Iran deal reported as Mideast sounds off after talks

Middle East voices were buzzing Tuesday after President Obama’s meeting with Prime Minister Benjamin Netanyahu, with Hamas calling Obama’s words deceptive and Iran’s supreme leader accusing the U.S. of hatching plots against the Islamic Republic.

Israel’s Channel 2 reported later on Tuesday that Netanyahu told Obama he would not strike Iran until the end of the year nor interfere in Washington’s attempts at dialogue with Tehran, and Obama gave a timetable of three months instead of six to reassess progress with Iran talks.

{mosads}Incidentally, this timeline corresponds with the three-month cap for negotiations proposed earlier this month by Israeli Foreign Minister Avigdor Lieberman.

Also Tuesday, 76 senators — led by Chris Dodd (D-Conn.), Johnny Isakson (R-Ga.), Arlen Specter (D-Pa.) and John Thune (R-S.D.) — and at least 159 House members  — led by House Majority Leader Steny Hoyer (D-Md.) and House Republican Whip Eric Cantor (R-Va.) — signed onto letters urging a commitment to Israel and ending Palestinian violence while supporting direct, bilateral negotiations.

“The more capable and responsible Palestinian forces became, the more they demonstrate the ability to govern and to maintain security, the easier it will be for them to reach an accord with Israel,” read the senators’ letter. “…We hope that you will promote far greater involvement and participation by the Arab states both in moving toward normal ties with Israel and in encouraging moderate Palestinian elements.”

Obama and Netanyahu laid bare their differences at the White House on Monday, displaying some of the cracks in an Oval Office press availability afterward. Obama wants to press forward with a two-state solution, which was not mentioned by Netanyahu except to say that Israel does not want to rule the Palestinians and that the Palestinians need to recognize Israel as a Jewish state.

More unity was displayed on the need to address Iran and its budding nuclear program, though Obama is pressing for talks as Israel has kept potential strikes on nuclear facilities on the table.

But after the flashbulbs died down and Netanyahu began his meetings with congressional leaders and the Senate Foreign Relations Committee on Tuesday, the post-game analysis heated up on the other side of the globe.

One of the major points of contention in the road map for Mideast peace is the violent split between Fatah and Hamas, which essentially would turn a two-state solution into a three-state solution, with Fatah and the Palestinian Authority ruling the West Bank and Hamas still controlling Gaza.

On Tuesday, Hamas lashed out at the president in a statement. “Obama’s remarks and expressions of hope were intended to deceive the international community regarding everything connected to the continuing behavior and existence of the racist and radical Zionist entity,” Hamas said.

Just after the two leaders met, Hamas militants fired Qassam rockets into the Israeli town of Sderot for the first time in two months, wounding one woman. Israel responded hours later by bombing Hamas supply tunnels near the Egyptian border in Gaza.

{mosads}Also on Tuesday, Iran’s supreme leader, Ayatollah Ali Khamenei, struck out at the U.S., accusing America of hatching plots to undermine the Islamic Republic.
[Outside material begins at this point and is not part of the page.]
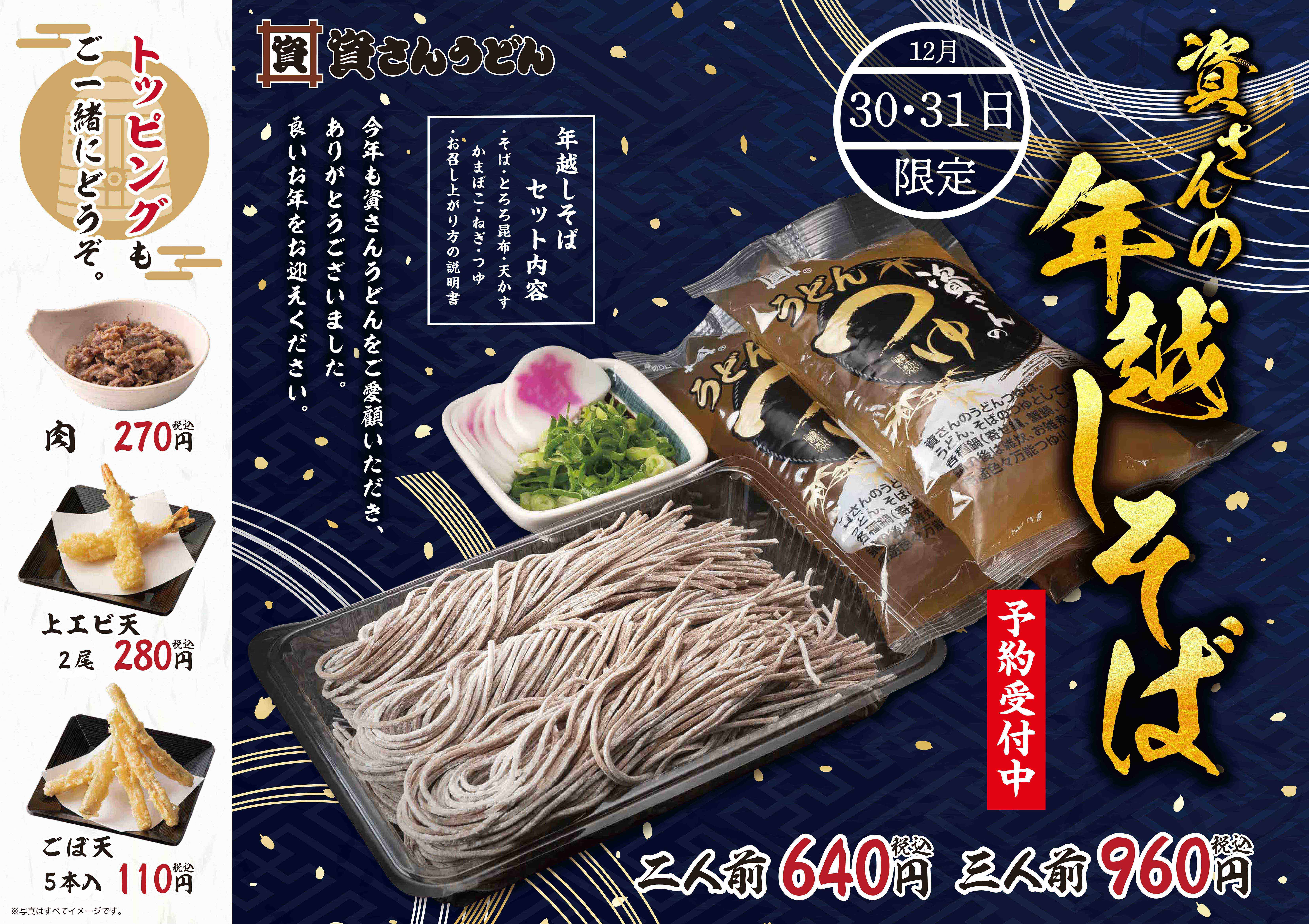 人気のトッピングメニューと一緒に「資さんうどん」こだわりの”年越しそば”をぜひ、ご堪能ください!

“Through our friends overseas we have obtained precise information that Americans deployed behind our western borders are busy collecting information, spending money and supplying arms to hatch plots and train terrorists,” Khamenei said in remarks carried by the Islamic Republic News Agency. “So, Iranian Kurds and the entire Iranian nation should be fully aware and on alert.”

The ayatollah was speaking to a Kurdish audience, claiming that the U.S. was conspiring to dominate the ethnic group.

Iran’s presidential adviser on international affairs called the Obama-Netanyahu meeting “media hype,” according to IRNA.

President Mahmoud Ahmadinejad, meanwhile, lauded fresh ties between Iraq and Iran and said that the “presence of arrogant powers in Iraq will prepare the ground for their intervention in Iraqi affairs.”

In Israel, the leader of the party in Netanyahu’s ruling coalition that is pushing for a two-state solution the most seemed pleased with the Iran focus in the White House talks.

Defense Minister and Labor party leader Ehud Barak said Tuesday that he’d spoken by phone with Netanyahu after the Obama meeting, and got details that led him to believe “that we are at the start of serious dialogue with the Americans.” Barak added that he was “happy to hear that Obama understands that the Iranian issue is very serious.”

“The challenge is not only how to talk to them but what do we do if it turns out that the Iranians are continuing to consistently strive for a military nuclear ability,” Barak said to reporters while touring Israeli military facilities.

The intended path of the Obama administration in the Mideast peace process will likely become clearer after Obama meets with visiting Egyptian President Hosni Mubarak next Tuesday and Palestinian Authority President Mahmoud Abbas later that week on May 28.